TMVE Thrivent Mid Cap Value ETF
Profitability Metrics
Valuation Metrics
Growth & Cash Flow
Price Change
Top 10 Holdings
| Stock Ticker | Weight |
|---|---|
| MTB | 2.43% |
| MKSI | 2.31% |
| HXL | 2.07% |
| USB | 2.00% |
| CCK | 1.98% |
| GD | 1.98% |
| NA | 1.87% |
| LH | 1.84% |
| HST | 1.80% |
| WH | 1.76% |
ETF Analysis
Fund Overview
Thrivent Mid Cap Value ETF (TMVE) currently reports 83 stock positions (subject to change), placing it in the mid-range in diversification range by holdings breadth. The top line-up is MTB (2.43%), MKSI (2.31%), HXL (2.07%), with MTB as the largest single weight at 2.43%. Together, the top three holdings account for 6.81%, which implies a more democratized weight structure where the broader holding set matters as much as the leadership group. This structure gives the portfolio a dual character: meaningful exposure to its highest-conviction names, alongside enough breadth to dampen idiosyncratic noise.

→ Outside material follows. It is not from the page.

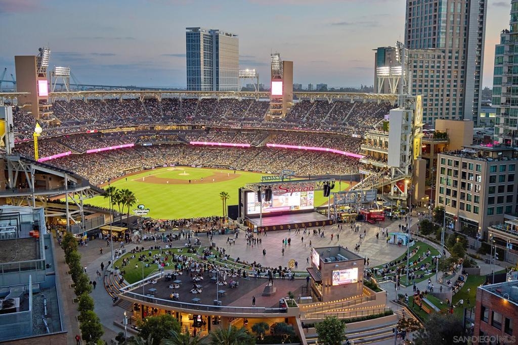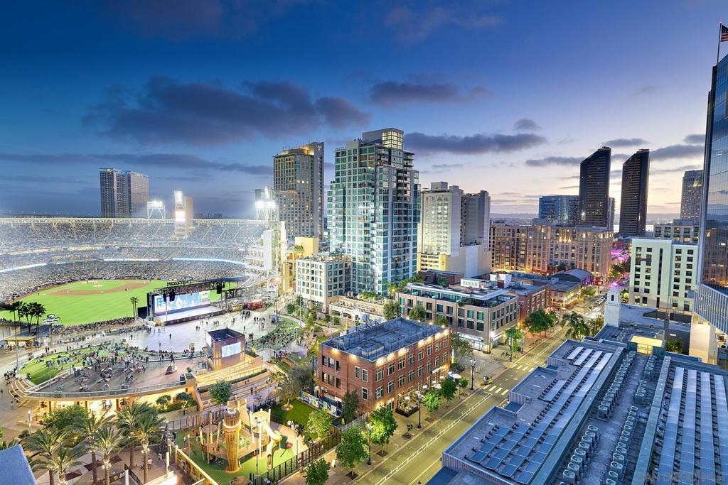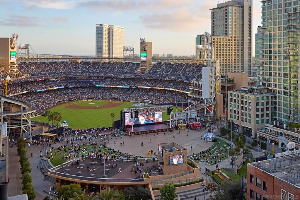 Batter Up! Step into urban luxury on the 13th floor of Diamond Terrace, offering breathtaking views of Petco Park and Gallagher Square from your private balcony—perfect for catching games, concerts, or stunning sunsets. This sleekly remodeled home features modern finishes, high ceilings, in-unit laundry, gated assigned parking, and spacious storage locker. Exclusive access to the rooftop terrace with BBQ, dining areas, fitness center and lounge, all just steps from downtown’s vibrant dining and entertainment scene. Just in time for baseball season, this stunning 13th-floor corner unit at Diamond Terrace is a home run! With JAW-DROPPING views of Petco Park, Gallagher Square, City, Coronado Bridge, and even the islands, you’ll have front-row seats to all the action—right from your private balcony. Enjoy the best of urban living with the convenience of an in-unit washer/dryer, gated assigned parking, a generously sized storage locker, and spacious rooms featuring soaring ceilings. A stylish top-to-bottom designer remodel! Common area rooftop terrace, with dining areas and BBQ, as well as a fitness center and lounge. The ideal location for easy exploration of endless dining and entertainment options that downtown has to offer. "Park at the Park" across the street is perfect for your pup. VA Approved,1 pet allowed under 100lbs, 2nd pet possible with HOA approval. Check out the virtual tour!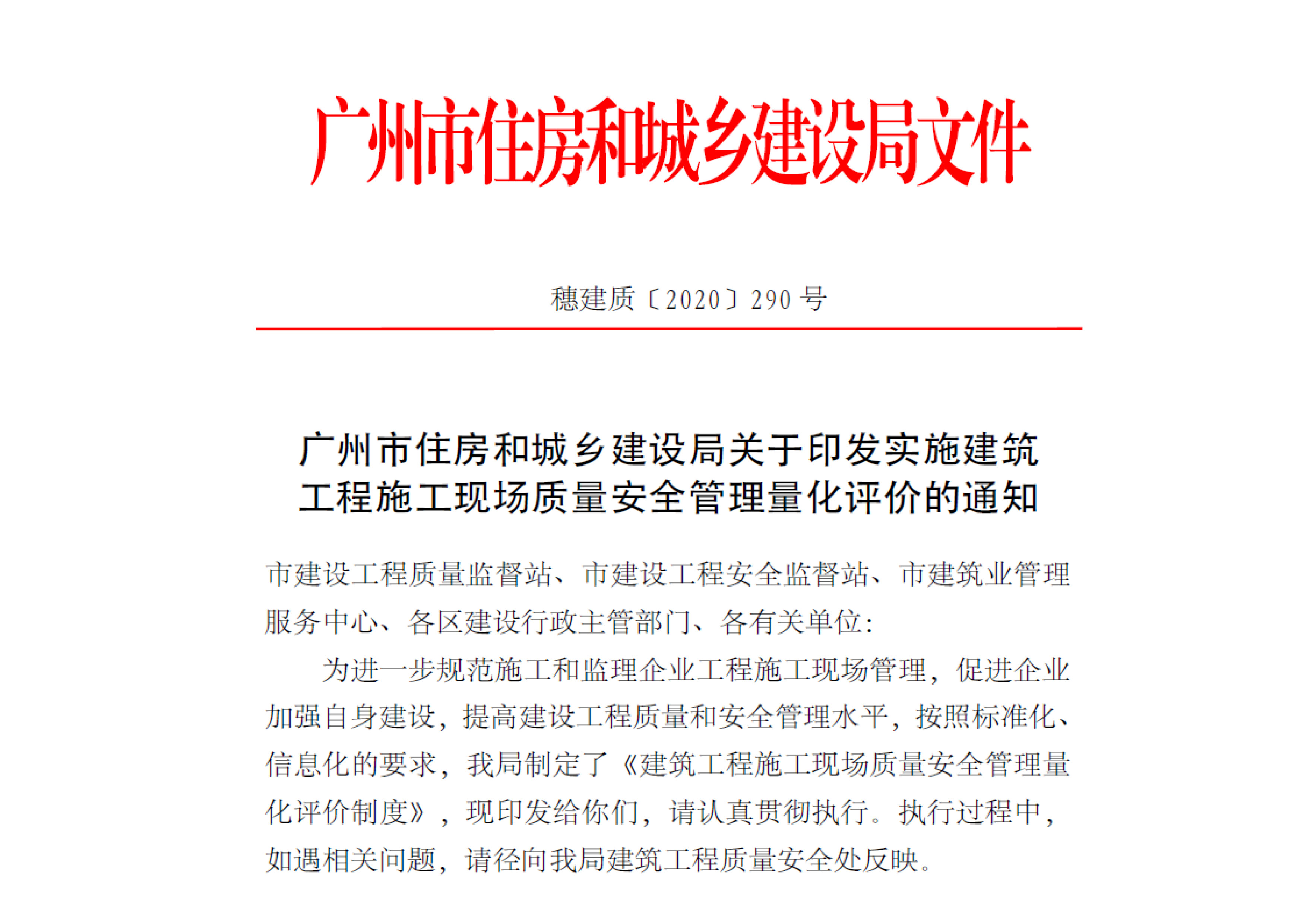 廣州市住房和城鄉(xiāng)建設局關于印發(fā)實施建筑工程施工現場質量安全管理量化評價的通知

Profitability & Capital Efficiency
Examining the portfolio through a capital allocation lens, ROIC is 9.06%, WACC is 7.89%, and the economic spread is 1.16%. On balance, holdings are generating returns above their cost of capital, though the margin is slim enough to warrant attention. Supporting metrics show ROE at 15.24% and ROA at 4.87%, a combination that helps frame whether profitability strength is broad enough to hold through different market conditions. Taken together, the return profile suggests a portfolio that is value-creative but with less room for execution slippage.
Valuation
Turning to how the market is pricing the underlying earnings, trailing P/E of 16.82, forward P/E of 13.25, PEG of 1.89. Trailing and forward valuations are closely aligned, pointing to a market that is pricing continuity rather than improvement in the earnings outlook. A PEG in this range suggests valuation is fair rather than compelling — the portfolio is priced adequately for its growth, with limited buffer for downside revisions. The aggregate current ratio of 1.46 reflects tighter near-term liquidity — a factor worth monitoring if macro conditions tighten. The combined picture across P/E, forward P/E, PEG, and current ratio suggests a portfolio that is priced for continued execution — where disappointment would be costly and outperformance would likely require positive earnings surprises.
Margins & Cash Generation
From gross to free cash flow, gross margin sits at 39.44%, operating margin at 2.73%, and free cash flow margin at 26.36%. At this gross margin level, pricing power is present but not dominant — cost management matters as much as revenue growth. At this level, operating margins signal that earnings quality is limited — a feature of growth-stage or restructuring businesses. At this level, FCF margins reflect a portfolio of businesses with genuine capital efficiency and strong cash-based earnings quality. The margin profile warrants careful consideration — businesses with compressed margins have less room to absorb cost pressure or revenue softness.
Growth & Forward Outlook
Revenue momentum and analyst targets together paint a picture where the estimated 12-month price change of 15.47%, where consensus expectations favor gradual appreciation over the next year, while TTM revenue growth of 11.71% reflecting moderate but reliable revenue progress across the basket. Reported revenue growth is the operational foundation; the analyst target spread shows what the market is willing to pay above it — and that premium can evaporate quickly if delivery slips. For investors, the central question is whether the operating momentum visible in revenues is durable enough to support the price appreciation implied by consensus targets. The estimated 12-month price change is a weighted composite of analyst price target estimates adjusted by each holding's ETF weight, sourced from publicly available data, and should not be interpreted as a reliable prediction of future performance.
Conclusion
BuyThe fundamental case holds up across most key dimensions — the combination of positive economic spread, reasonable valuation, and analyst support is constructive.
This assessment reflects quantitative metrics only and does not constitute financial advice or a recommendation to buy or sell any security. Past performance is not indicative of future results.